How to trade using trend lines?

To trade trend line breakouts its advisable to always wait for a candlestick to close below the trend line or  above. Since trend lines are diagonal supports and resistance therefore they behave the same way.

Trend lines can be traded like support and resistance levels. There are two different ways to trade using trend line;

Trading a bounce

 Like we said trend lines can be used to identify the direction of the entire trend. As price continues to test the trend line, the stronger it gets. Therefore if price is in the uptrend and keeps on making higher lows on the trend line it signifies a strong uptrend and in so doing gives a buy signal.

On the other hand, if price is trending down and keeps making  lower highs, it shows a significant strong downtrend therefore sell signals.

If you are to trade bounces using a trend line,

First identify the trend direction using a larger time frame

If it is an uptrend,draw an upward trend line connecting 2-3 higher lows (or higher swing lows)
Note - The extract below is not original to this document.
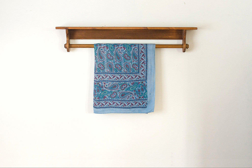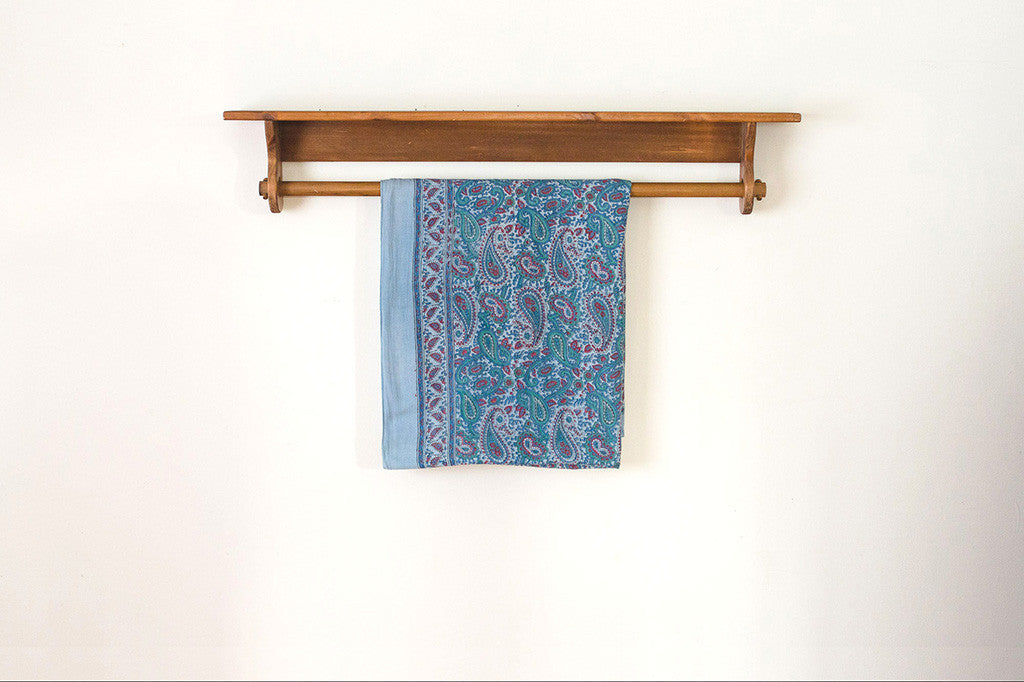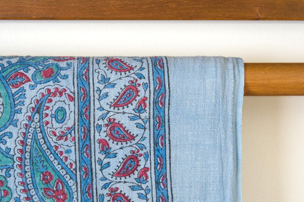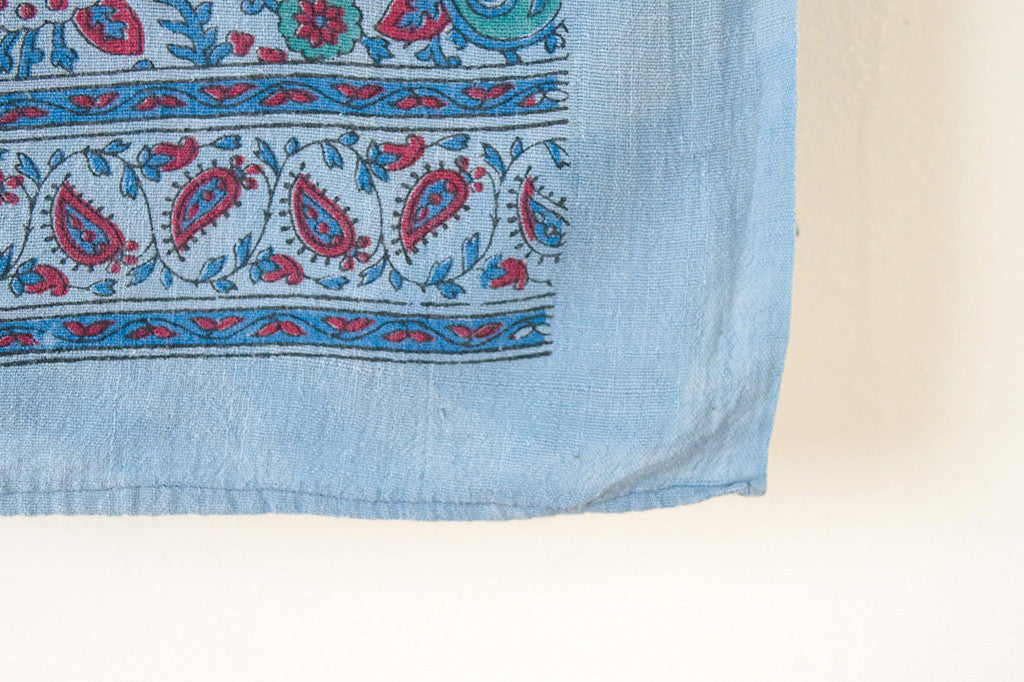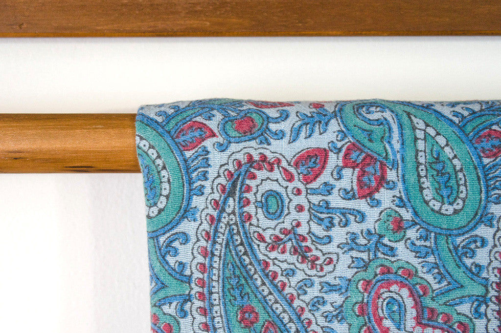 This light-weight vintage blanket is a blue, green and raspberry paisley print on cotton. It's in excellent shape and is machine washable. Perfect for picnics, the beach or as a bedspread. Please see pictures for detailed condition of this piece.

Identify price retracements, that is wait for price to touch the trend line again.

As price bounces back off the trend line, place a buy trade at the close of the candlestick that touches the trend line and closes above the trendline in the direction of the trend.

Place your stop loss 2-5 pips below the low of that candlestick.

Place your pofit targets on previous significant lower swing highs that you see on the chart.

You should do the same when trading in a downtrend but this time we use the lower highs to draw a trend line and we do take sell positions.

The GBP/USD, daily chart below shows how to trade bounces on  a trend line in an uptrend.

Trading a breakout

 A trend line break out can be traded in two ways:

The aggressive way of trading:

Here you enter a trade as soon as the breaking candlestick gives a confirmation below the trend line for an uptrend or above the trend line for a downtrend.

The chart below shows abreak out on a trendline on AUD/CHF, H1 chart.

Conservative break out trading

A breakout can be traded by first waiting for a retest of the price movement back to the broken trend line and enter on the second confirmation of the break or bounce. This is known as the conservative way of trading.

The chart below is AUD/CHF,Daily showing how to trade a break out after a retest.

Place your stop loss slightly above or below the trend line depending on your entry point.

If prices retest the breakout level and continues that is likely to be a fake out break.

A false breakout is when price breaks through the trend line and then goes back to retest and the candle closes above the trend line. The false break on a lower trend line  means that some of the buyers in the market haven’t given up  yet and so the trend is still strong . A false break on the upper trend line, shows that there were still some of the sellers in the market and  so the downtrend is likely to continue.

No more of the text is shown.